We're posting this 1930 catalog for bedroom furniture today on account of Sarah Elisabeth Goode ...

Catalog titled "Restful Bedrooms", with a color illustration of a restful bedroom.

We're posting this 1930 catalog for bedroom furniture today on account of Sarah Elisabeth Goode (1850-1905), one of the first Black women to be issued a U.S. Patent in her own name on this date, July 14, in 1885.

Goode's patent, No. 322,177, was for a cabinet with a fold out bed that could be used during the day as a desk, a precursor to the Murphy bed, which was invented in 1900.

After being freed from slavery by the end of the Civil War, Goode moved to Chicago, where she and her her husband Archibald opened a furniture store.

Goode's invention was timely; housing in cities like Chicago was becoming increasingly crowded.

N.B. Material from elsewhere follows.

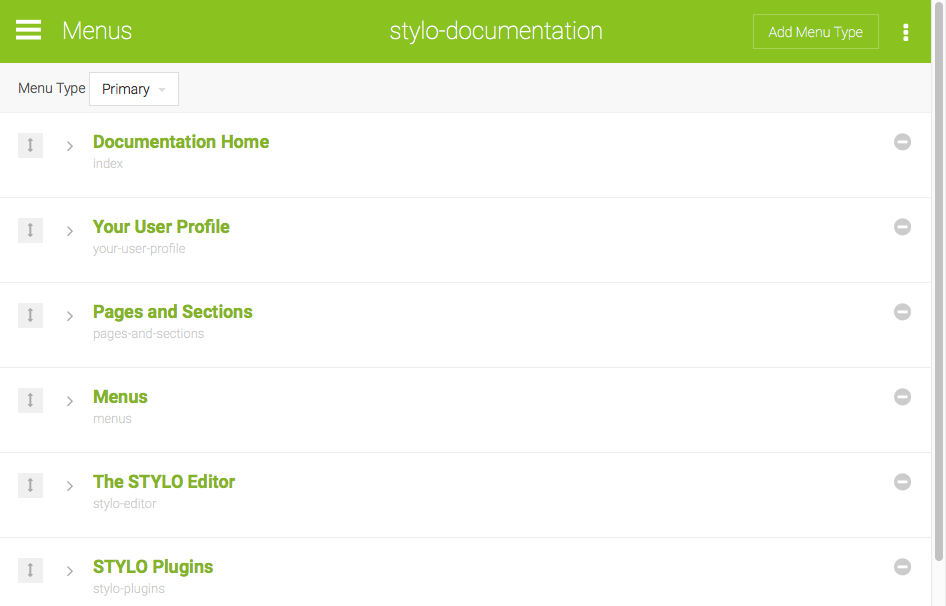 The Primary menu is the menu that appears at the top of you website in the header. The Footer menu appears at the bottom of your website in the footer area. Your site may have other menus already defined. You can also create your own menus that can be included on your pages using the Rich Widget in the STYLO Editor.

Her invention was a direct response to complaints from customers looking for furniture that would address the problem of saving space in tight quarters.

Goode was preceded by other inventors, including Judy Woodford Reed (c.1826-c.1905), whose Patent No. 305,474 for a "Dough Kneader and Roller" was awarded on September 23, 1884 and was signed with an X, indicating that she was likely unable to read or write; as well as Martha Jones, who was granted U.S. patent No. 77,494 on May 5, 1868 for an improved threshing machine for corn.

It is likely these women were joined by others - since patents didn't record data about the race or gender of inventors, many women filed inventions using initials, and the identity of early inventors is often a mystery.

Other women were denied patent rights due to the law; in the many states where women were disallowed from owning property prior to 1900, this often extended to intellectual property, require the inventions of women to be patented in the name of husbands and other male relatives.

Additionally, patent law surrounding enslaved people largely allowed enslavers to take credit for the inventions of the people they held captive.

This changed on June 10, 1858, when the the U.S. Attorney General ruled that neither the slave or the slave owner could claim credit for inventions, declaring that the slave owner could not rightfully take the patent oath claiming invention (as it would be a lie) and neither could the enslaved person, as they were not considered citizens of the United States in the aftermath of the Supreme Court's ruling in Dred Scott v. Sandford.